Known almost as much for his afro as for his penchant for local music, Nerf still mans the fort at KTCL as both program director and afternoon-drive guy. Musicians should be glad he's stuck around; Nerf was an early champion of bands like the Fray and Meese, and he remains committed to pushing the scene. But he also does his bit for bad music, too: "Make It Stop," a 4:05 p.m. daily feature during which he plays a song that sucks and doesn't pull the plug until a caller correctly names the artist and title.

Eric Kahnert, who joined the Channel 9 weekend team late last year from an NBC affiliate in Albuquerque, is young and serious — and very, very slick. In fact, he sports a mini-Ed Grimley oil-slick cowlick in front. It's a popular look these days: bed head for the post-college crowd.
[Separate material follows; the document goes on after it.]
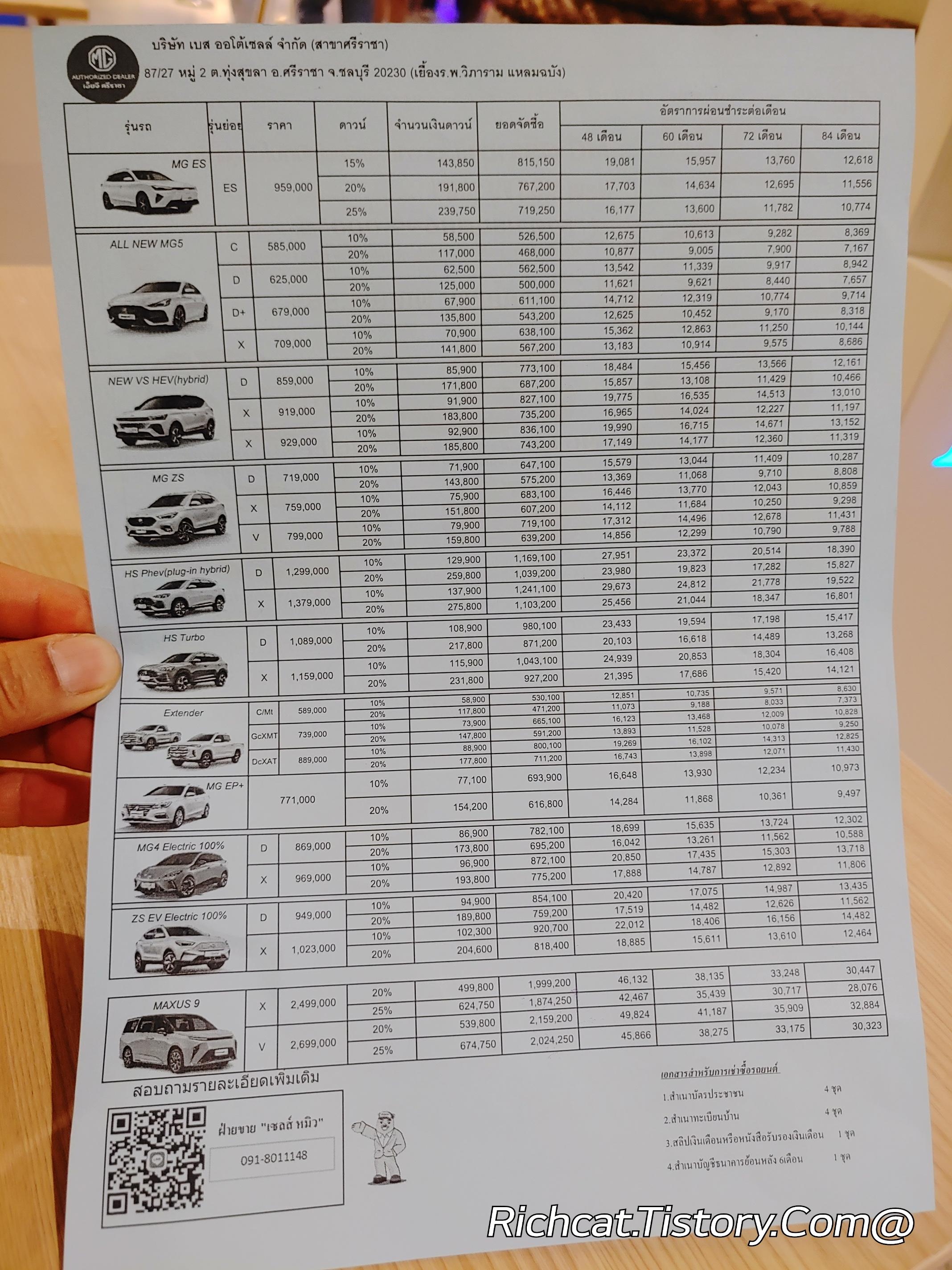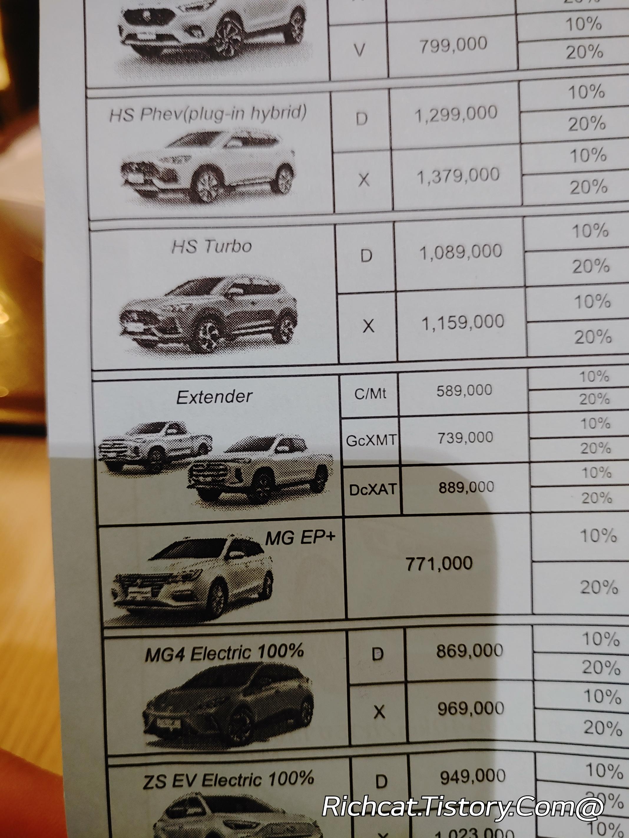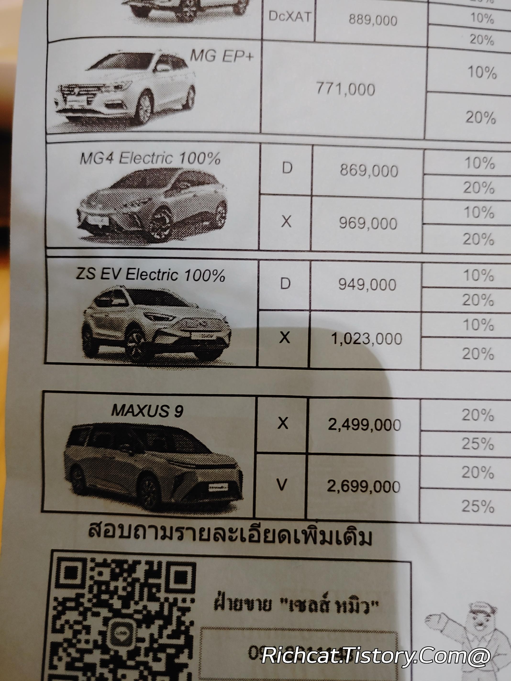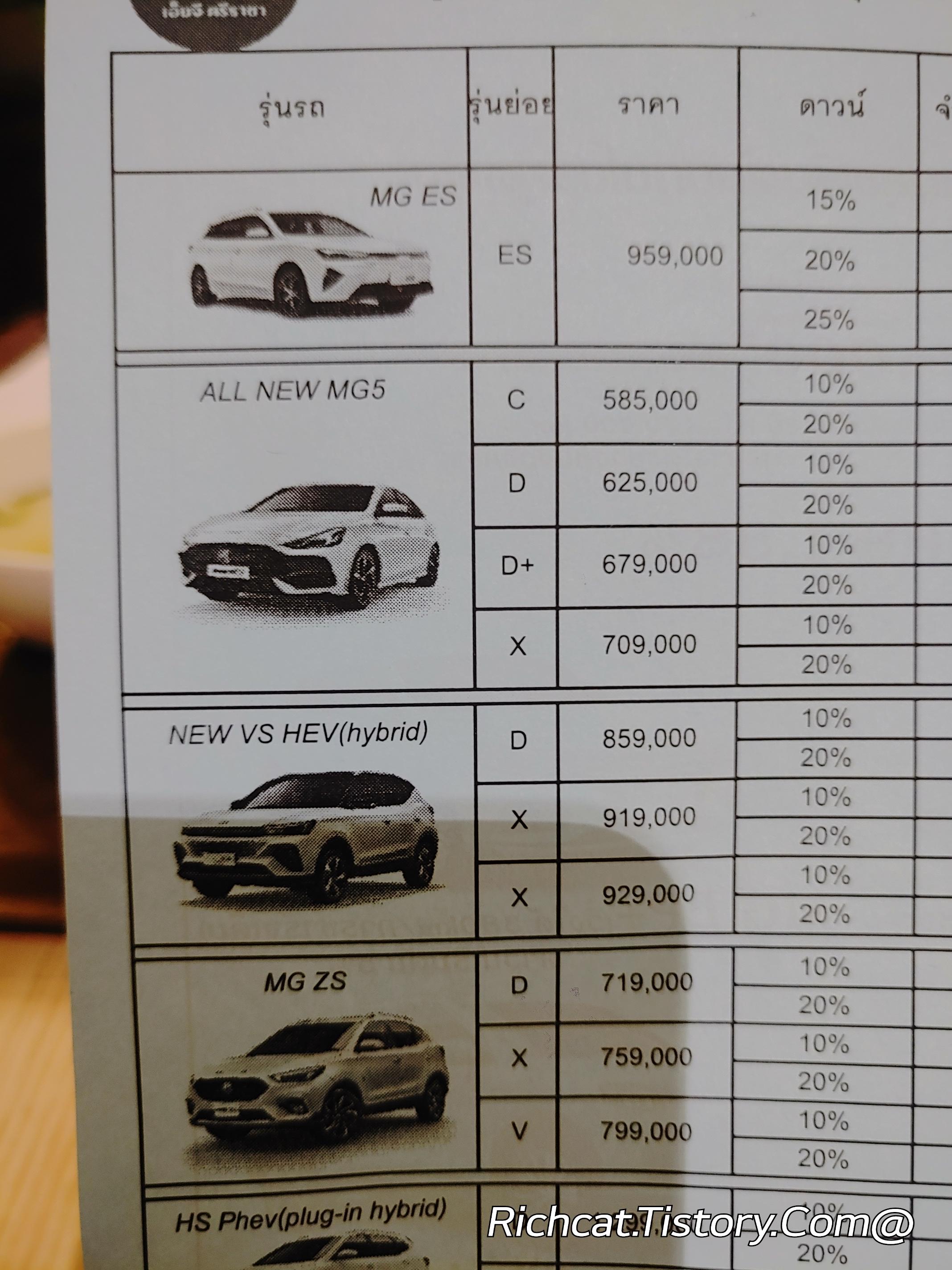 MG자동차 전차종. 태국 판매가격표. 태국물가

Willy Wonka's Chocolate Factory has nothing on NetDevil. The Louisville-based video-game company is developing LEGO Universe, an online game based on everybody's favorite building toy, and as part of its research, the toy manufacturer sent the outfit a sampling of some of the building blocks it would be working with. NetDevil now boasts in the vicinity of ten million LEGO bricks, one of the largest known collections in the world. Not surprisingly, the company's HQ is like a super-sized version of every kids' dream: LEGO models everywhere, video games stacked sky-high, energy-drink-guzzling techies zipping around the cavernous space on scooters. The bad news is that aside from VIPs and a handful of very lucky local school groups, very few outsiders have gotten a chance to see this stash. Still, when LEGO Universe comes out later this year, Coloradans can be content in the knowledge that the inspiration for this wacky online world is just down the road.
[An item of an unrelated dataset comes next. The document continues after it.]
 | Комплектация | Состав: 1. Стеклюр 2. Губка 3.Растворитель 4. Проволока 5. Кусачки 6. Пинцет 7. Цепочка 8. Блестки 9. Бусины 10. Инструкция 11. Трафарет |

Coming or going, rush hour on Leetsdale Drive is a toxic sea of traffic and exhaust. Which makes Belcaro Paint's changing electronic sign a breath of fresh air. Not content with simply offering the temperature and time, this sign will occasionally make you laugh out loud by flashing such come-ons as "We shake our cans for you," "We have big tints" or "Pick up gals. here." We brake for funny.

It took Gallup two years to do all the research for its Well-Being Index, asking 1,000 Americans key questions about aspects of their lives ranging from emotional health to physical health to work environment. The result of all that nosiness? Boulder was crowned the happiest city in the country.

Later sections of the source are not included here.